Restate exactly, and only, the lines from the one with "8. Connect the" through the end of the data, with both of those end lines kept. Drop any pictures.

**PROVIDED MATERIAL:**
-- -- --

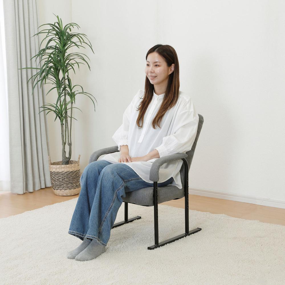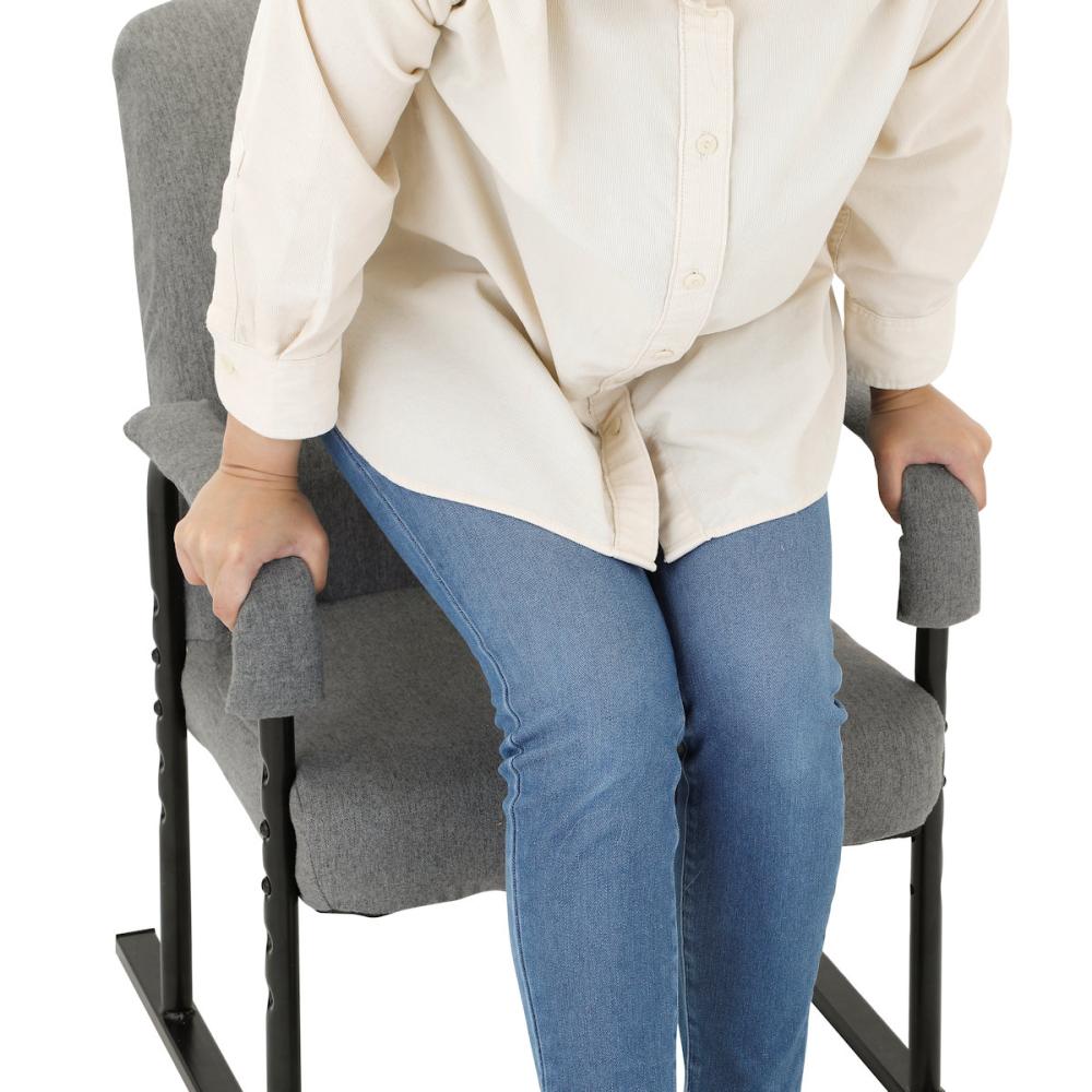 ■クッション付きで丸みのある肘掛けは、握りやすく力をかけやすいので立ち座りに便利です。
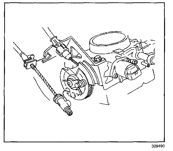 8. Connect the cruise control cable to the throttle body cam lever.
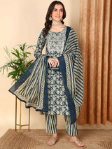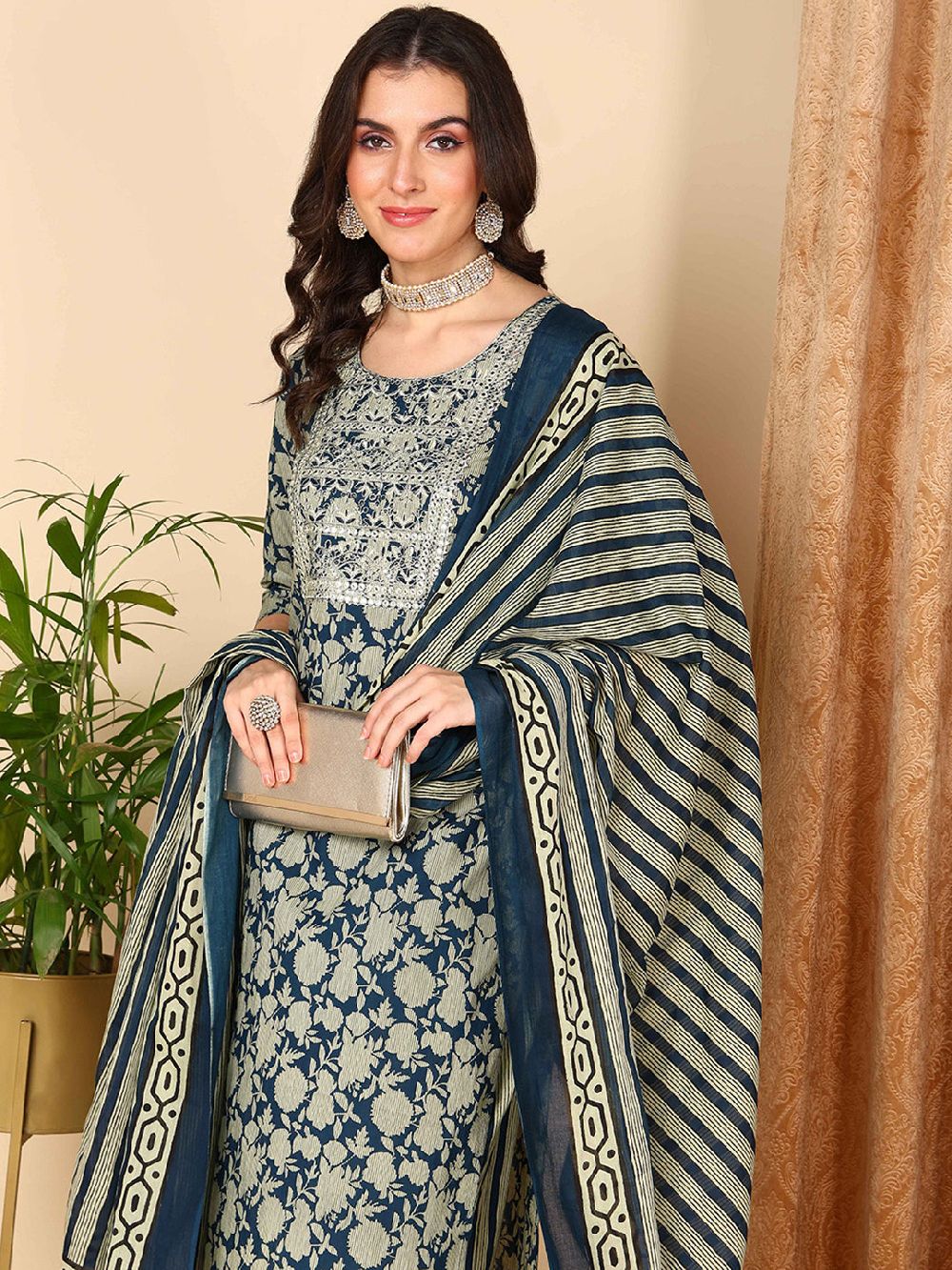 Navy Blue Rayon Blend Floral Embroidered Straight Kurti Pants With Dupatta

-- -- --

**SOLVED PROBLEM:**
 8. Connect the cruise control cable to the throttle body cam lever.
 Navy Blue Rayon Blend Floral Embroidered Straight Kurti Pants With Dupatta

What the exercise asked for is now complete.